On arriving in Nuevo Gualcho my first impression (which I’m sure my fellow volunteers will reciprocate) is that it’s hot, really hot… and it never stops being hot! The sun will burn you in moments if you give it the chance and being fair skinned as I am, I found myself using up a bottle of sun screen within the first two weeks. Despite the sun, the people of Gualcho seem to stick with it. When breaking rocks to build the Artisan Craft centre, I could easily change my shirt three or four times to avoid looking like I had gone for a swim prior to the work, whereas the national volunteers can just work shirtless without the ever present fear of turning the colour of a lobster.
Nuevo Gualcho is a small community of around 2000 people in the municipality of Usulatan to the east of San Salvador. During the civil war of 1980 – 1992, Usulatan was a FMLN (Frente Farabundo Marti para la Liberación Nacional) controlled territory where many people either joined the guerrilla army or were forced to flee to neighbouring Honduras because of the military bombing campaign ‘scorched Earth’. When the civil war came to an end, hundreds of refugees repatriating back to El Salvador from Honduras couldn’t return to their original homes, so set up a new community - Nuevo Gualcho.

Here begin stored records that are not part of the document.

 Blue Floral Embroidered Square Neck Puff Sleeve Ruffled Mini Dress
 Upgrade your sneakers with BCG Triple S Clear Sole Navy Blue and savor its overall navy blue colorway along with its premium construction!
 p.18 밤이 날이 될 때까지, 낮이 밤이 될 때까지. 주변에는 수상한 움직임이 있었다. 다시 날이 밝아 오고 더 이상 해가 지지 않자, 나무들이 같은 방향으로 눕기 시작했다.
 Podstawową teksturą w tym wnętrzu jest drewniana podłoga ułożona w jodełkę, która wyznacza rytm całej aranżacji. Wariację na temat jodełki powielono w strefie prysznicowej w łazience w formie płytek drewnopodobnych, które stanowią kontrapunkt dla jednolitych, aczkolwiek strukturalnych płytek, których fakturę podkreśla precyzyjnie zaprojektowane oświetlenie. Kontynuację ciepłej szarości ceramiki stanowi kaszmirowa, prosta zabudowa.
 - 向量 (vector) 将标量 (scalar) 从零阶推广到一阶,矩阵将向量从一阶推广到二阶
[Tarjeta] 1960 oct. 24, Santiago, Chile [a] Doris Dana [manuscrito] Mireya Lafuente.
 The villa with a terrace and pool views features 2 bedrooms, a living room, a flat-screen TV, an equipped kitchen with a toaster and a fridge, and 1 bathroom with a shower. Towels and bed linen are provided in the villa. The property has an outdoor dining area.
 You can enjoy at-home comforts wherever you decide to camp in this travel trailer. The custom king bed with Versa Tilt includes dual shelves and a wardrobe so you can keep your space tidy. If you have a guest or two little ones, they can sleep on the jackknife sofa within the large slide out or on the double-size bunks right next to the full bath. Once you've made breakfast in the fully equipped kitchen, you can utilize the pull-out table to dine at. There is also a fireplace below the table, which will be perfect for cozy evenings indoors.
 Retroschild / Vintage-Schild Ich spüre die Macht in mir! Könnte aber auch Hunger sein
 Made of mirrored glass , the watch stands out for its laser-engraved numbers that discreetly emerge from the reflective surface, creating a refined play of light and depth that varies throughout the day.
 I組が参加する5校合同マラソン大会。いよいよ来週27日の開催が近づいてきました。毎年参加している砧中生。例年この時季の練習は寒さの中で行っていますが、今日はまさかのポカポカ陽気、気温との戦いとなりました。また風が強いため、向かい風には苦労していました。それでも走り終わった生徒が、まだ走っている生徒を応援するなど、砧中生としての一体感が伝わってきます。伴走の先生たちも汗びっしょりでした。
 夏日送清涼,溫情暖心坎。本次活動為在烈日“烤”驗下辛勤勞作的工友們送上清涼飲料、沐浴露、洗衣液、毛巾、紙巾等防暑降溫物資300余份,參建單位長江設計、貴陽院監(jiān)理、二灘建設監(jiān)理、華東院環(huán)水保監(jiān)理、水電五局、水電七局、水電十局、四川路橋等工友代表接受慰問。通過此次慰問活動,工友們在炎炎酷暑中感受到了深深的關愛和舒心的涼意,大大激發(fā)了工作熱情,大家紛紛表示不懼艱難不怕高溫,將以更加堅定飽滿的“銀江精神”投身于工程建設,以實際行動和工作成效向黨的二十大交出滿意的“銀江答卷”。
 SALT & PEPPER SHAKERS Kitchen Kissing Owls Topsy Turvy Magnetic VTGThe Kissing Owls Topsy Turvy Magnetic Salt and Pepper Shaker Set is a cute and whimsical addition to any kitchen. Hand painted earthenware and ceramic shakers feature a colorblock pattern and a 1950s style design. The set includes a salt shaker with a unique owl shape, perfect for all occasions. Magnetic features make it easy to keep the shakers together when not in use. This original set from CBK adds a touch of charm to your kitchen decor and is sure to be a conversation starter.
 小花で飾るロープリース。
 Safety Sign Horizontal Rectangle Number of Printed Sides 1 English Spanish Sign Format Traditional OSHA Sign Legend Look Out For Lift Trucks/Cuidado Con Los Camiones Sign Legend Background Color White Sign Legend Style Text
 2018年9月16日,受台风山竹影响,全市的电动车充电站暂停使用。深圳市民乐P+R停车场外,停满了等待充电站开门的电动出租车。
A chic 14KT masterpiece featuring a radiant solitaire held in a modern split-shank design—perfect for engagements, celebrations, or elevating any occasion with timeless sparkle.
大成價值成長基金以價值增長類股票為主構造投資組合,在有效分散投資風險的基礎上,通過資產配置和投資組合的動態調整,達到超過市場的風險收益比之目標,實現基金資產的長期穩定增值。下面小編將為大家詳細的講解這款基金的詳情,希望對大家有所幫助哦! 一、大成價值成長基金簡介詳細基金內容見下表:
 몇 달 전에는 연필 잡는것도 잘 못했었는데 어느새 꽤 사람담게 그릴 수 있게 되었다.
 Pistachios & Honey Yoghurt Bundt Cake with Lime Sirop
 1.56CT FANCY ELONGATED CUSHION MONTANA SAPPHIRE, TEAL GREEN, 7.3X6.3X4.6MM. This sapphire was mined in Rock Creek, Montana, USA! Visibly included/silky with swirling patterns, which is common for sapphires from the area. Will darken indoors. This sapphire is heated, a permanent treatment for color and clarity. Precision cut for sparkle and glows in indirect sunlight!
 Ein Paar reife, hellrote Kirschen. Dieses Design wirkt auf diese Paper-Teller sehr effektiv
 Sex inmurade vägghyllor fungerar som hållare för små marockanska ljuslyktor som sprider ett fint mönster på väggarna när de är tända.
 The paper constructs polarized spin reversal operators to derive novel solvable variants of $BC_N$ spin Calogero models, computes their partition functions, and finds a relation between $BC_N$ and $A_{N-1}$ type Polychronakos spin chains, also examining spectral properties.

Nuevo Gualcho is therefore a community full of history and stories of which the people of the community are eager to share if you are willing to listen. For many of us our host families themselves where involved in the civil war, for example my neighbour and his wife both joined the guerrilla army aged 14 and 16 respectively and proudly tell their stories and share their pictures. It is this history that I feel gives Gualcho such a fantastic opportunity to create a thriving and unique tourist industry for people who want a chance to experience something completely different and learn about a part of the country’s history which takes a completely different form when spoken from the mouths of the people who lived through it. Like Dorita, for instance, she told us the story of her four sons who all fought in the civil war, and of which two tragically died in combat. Despite the sadness, she is proud that they died fighting for something worthwhile, and still told us some stories from the war that made us laugh - like travelling back into El Salvador so that she could spend New Year’s Eve with her daughter in the guerrilla camp she was stationed in, but causing an argument between a man and his wife because she danced with him the whole night long.
From my view point Nuevo Gualcho is a community which one day can share its stories with the people from around the world who want to hear them, and can thrive from its beautiful natural surroundings blending beautifully with the hills and forest that surround it.